§ Data records
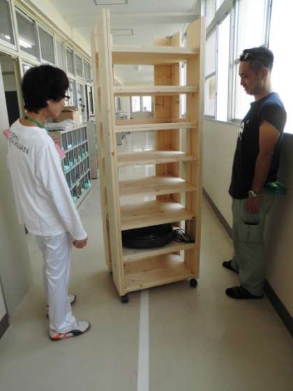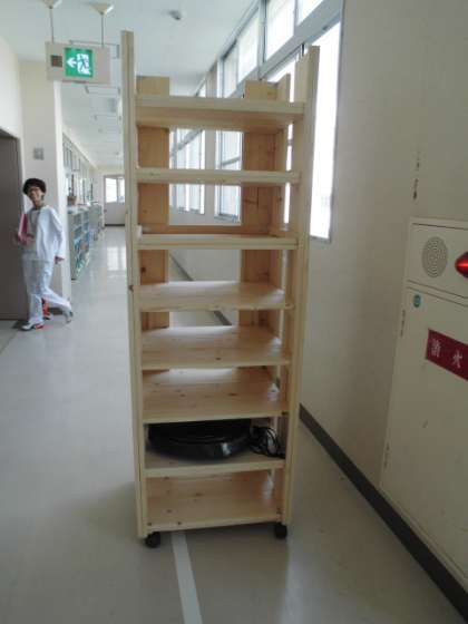 管理作業員自作のホットプレート置き台が完成し、家庭科室に運ぶところで出会いました。
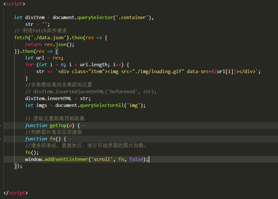 - 数据请求后直接执行 判断图片是否在可视 界面 ;执行fn();
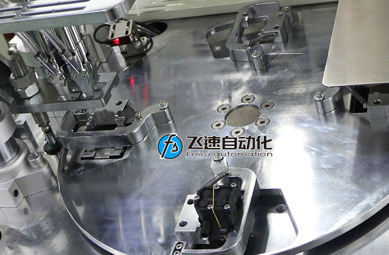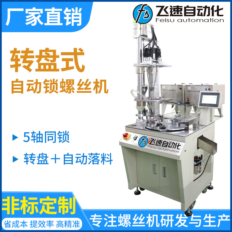 - 產品簡介: 本案例采用轉盤自動落料式螺絲機,產品上有5顆螺絲,使用5個伺服電批一次擰好所有螺絲,泵頭兩面都要鎖,鎖完一面馬上鎖另一面,四個工位同步作業,并且設備帶有自動下料功能,無需手工轉移工件,工件自動到位,自動鎖緊螺絲,自動進入下一道工序,節約了大量時間。機器配備漏鎖、浮鎖、滑牙等鎖付不良檢測及報警功能。
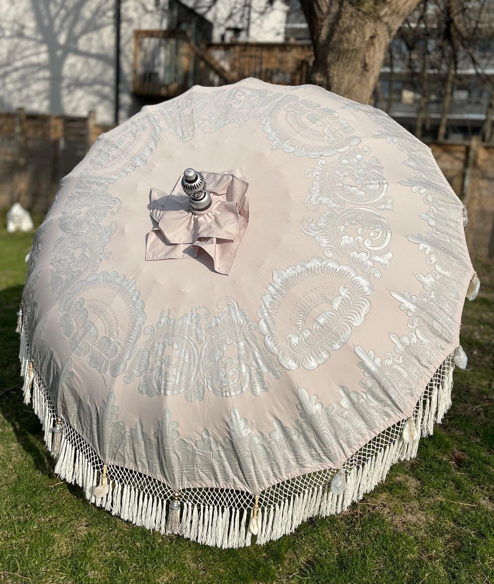Introducing the Sandy Parasol - a beautiful and elegant piece that will add a touch of tropical sophistication to your outdoor space. The parasol is expertly handcrafted with a silver hand-painted design on a light beige canvas, with white inner threading and outer fringe. The dark beige tassels, silver and wooden beading, and heart-shaped seashells give it a unique and striking look.
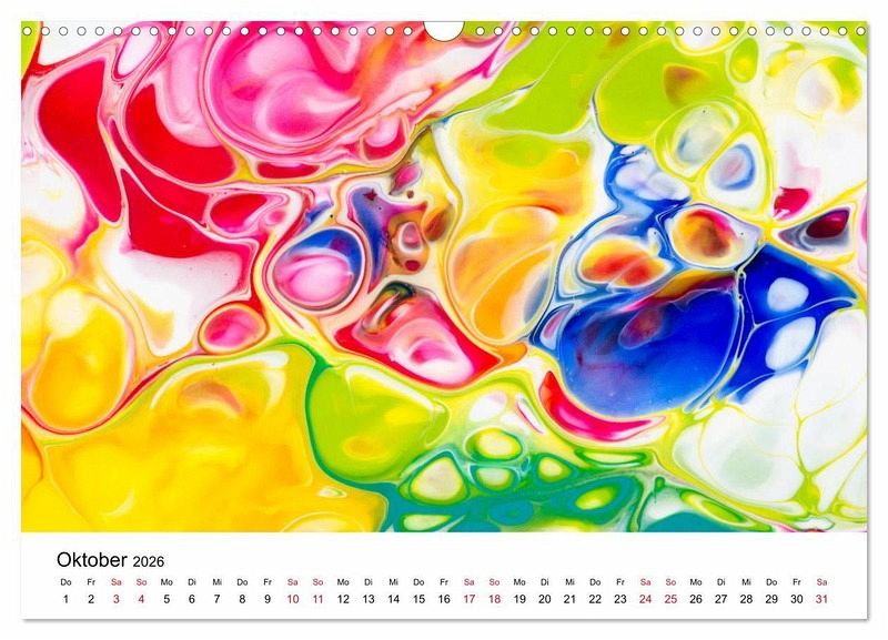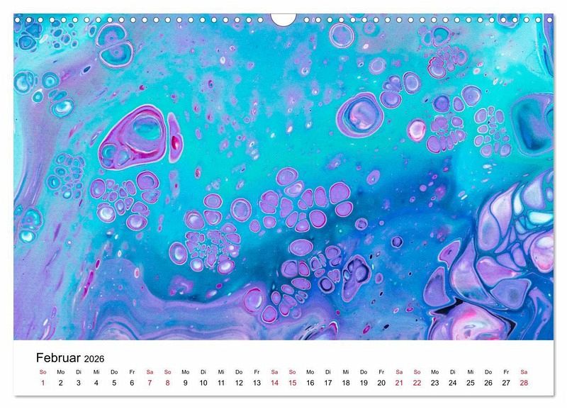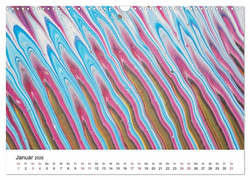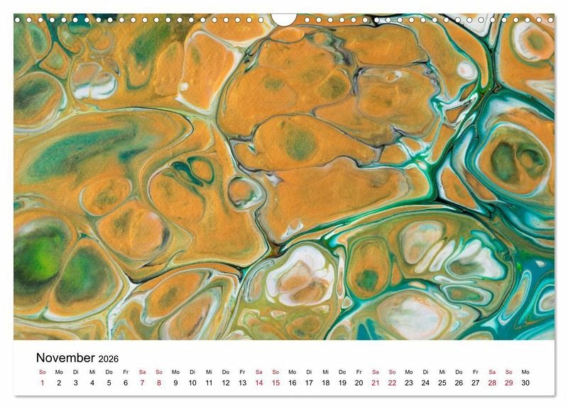 Zwölf einzigartige, farbenprächtige Ausschnitte aus Acrylic-Pouring-Gemälden von Carola Vahldiek machen jedes Kalenderblatt zu einem echten Hingucker und einer wunderschönen Wanddekoration.
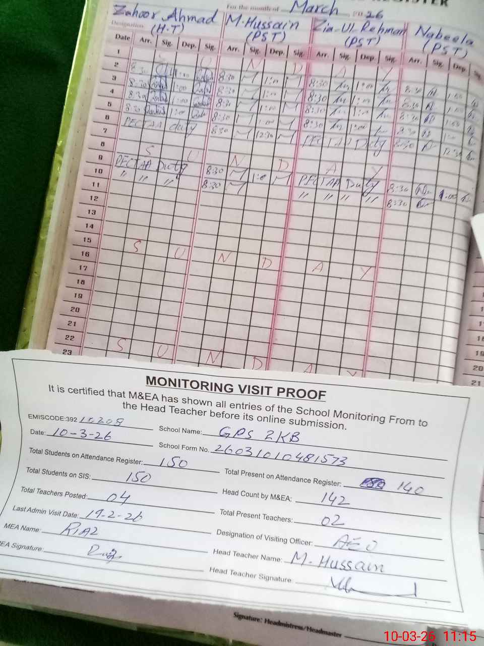 | Attendance Register | Head Teacher | MEA with School | Visit Proof |
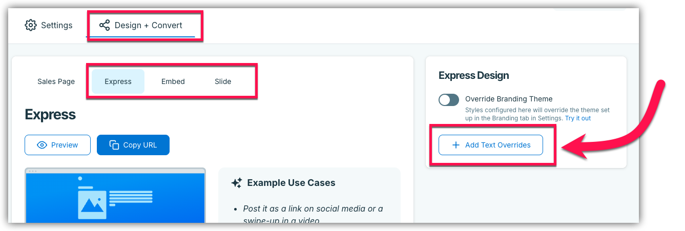 To do so, head over to the product that you would like to do this for. Click on the Design + Convert tab, and click on the tab (Express, Embed or Slide) that you would like to adjust the language for. In this example, we will be working from the Express tab. Click on the + Add Text Overrides button to get started:
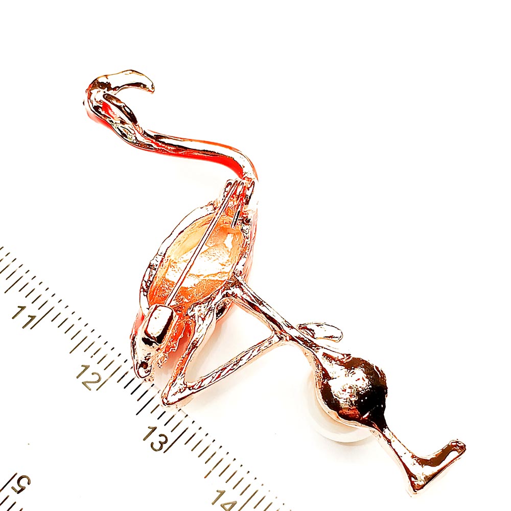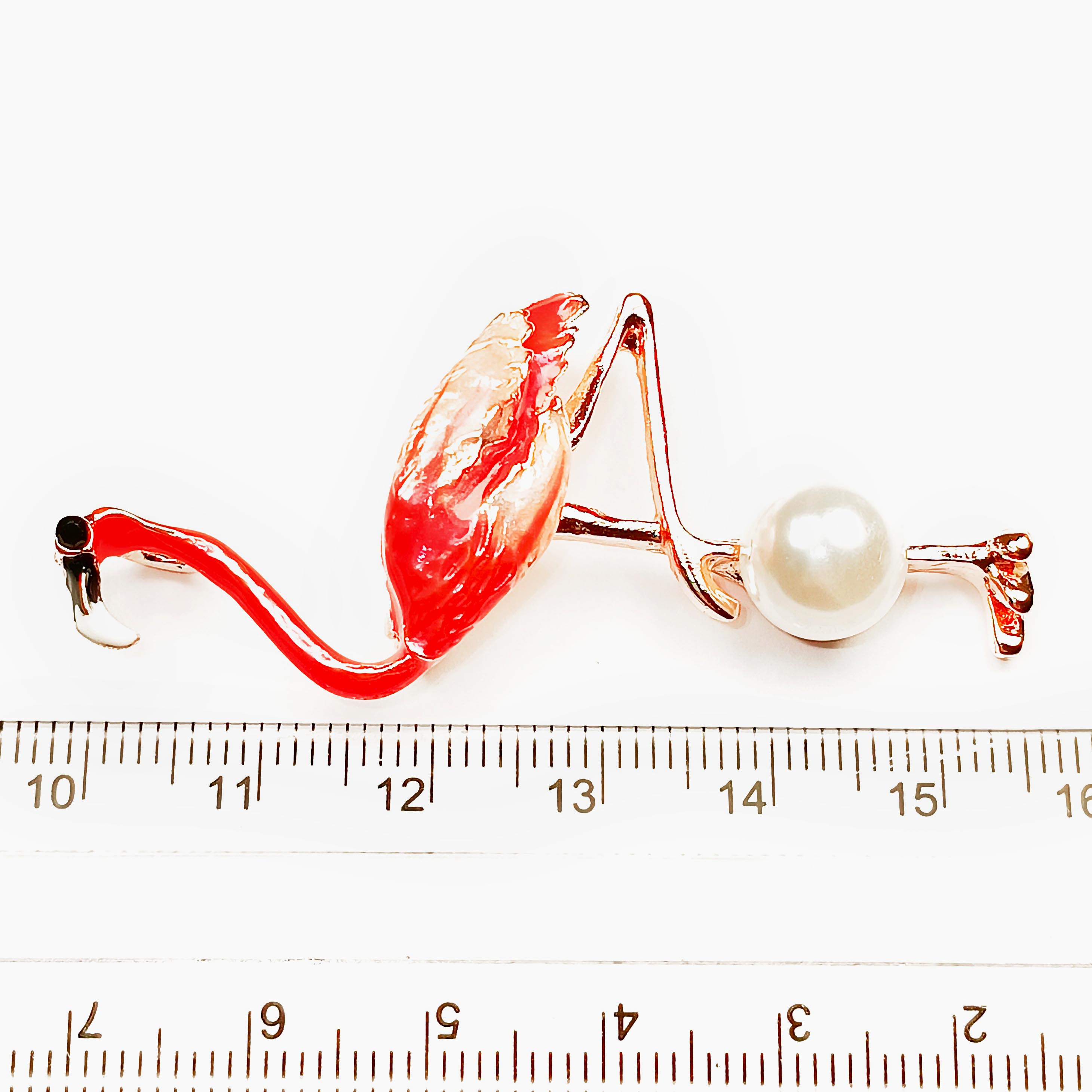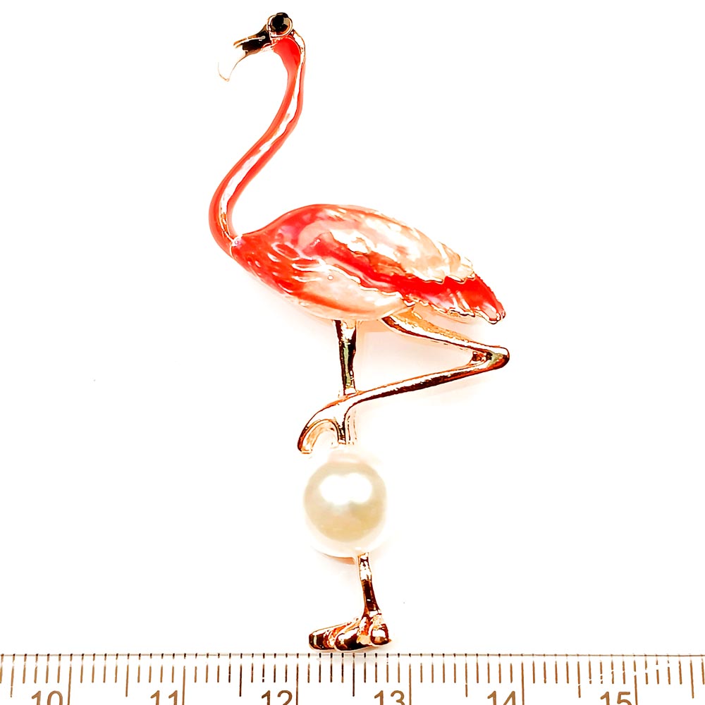 Брошь металлическая Розовый фламинго с бусиной под жемчуг TOV-0396 основа золотого цвета 55х30х7 мм

§ What to work on
None of the pictures belong in the copy; transcribe the rest of the data exactly.

§ Task result
 管理作業員自作のホットプレート置き台が完成し、家庭科室に運ぶところで出会いました。
 - 数据请求后直接执行 判断图片是否在可视 界面 ;执行fn();
 - 產品簡介: 本案例采用轉盤自動落料式螺絲機,產品上有5顆螺絲,使用5個伺服電批一次擰好所有螺絲,泵頭兩面都要鎖,鎖完一面馬上鎖另一面,四個工位同步作業,并且設備帶有自動下料功能,無需手工轉移工件,工件自動到位,自動鎖緊螺絲,自動進入下一道工序,節約了大量時間。機器配備漏鎖、浮鎖、滑牙等鎖付不良檢測及報警功能。
Introducing the Sandy Parasol - a beautiful and elegant piece that will add a touch of tropical sophistication to your outdoor space. The parasol is expertly handcrafted with a silver hand-painted design on a light beige canvas, with white inner threading and outer fringe. The dark beige tassels, silver and wooden beading, and heart-shaped seashells give it a unique and striking look.
 Zwölf einzigartige, farbenprächtige Ausschnitte aus Acrylic-Pouring-Gemälden von Carola Vahldiek machen jedes Kalenderblatt zu einem echten Hingucker und einer wunderschönen Wanddekoration.
 | Attendance Register | Head Teacher | MEA with School | Visit Proof |
 To do so, head over to the product that you would like to do this for. Click on the Design + Convert tab, and click on the tab (Express, Embed or Slide) that you would like to adjust the language for. In this example, we will be working from the Express tab. Click on the + Add Text Overrides button to get started:
 Брошь металлическая Розовый фламинго с бусиной под жемчуг TOV-0396 основа золотого цвета 55х30х7 мм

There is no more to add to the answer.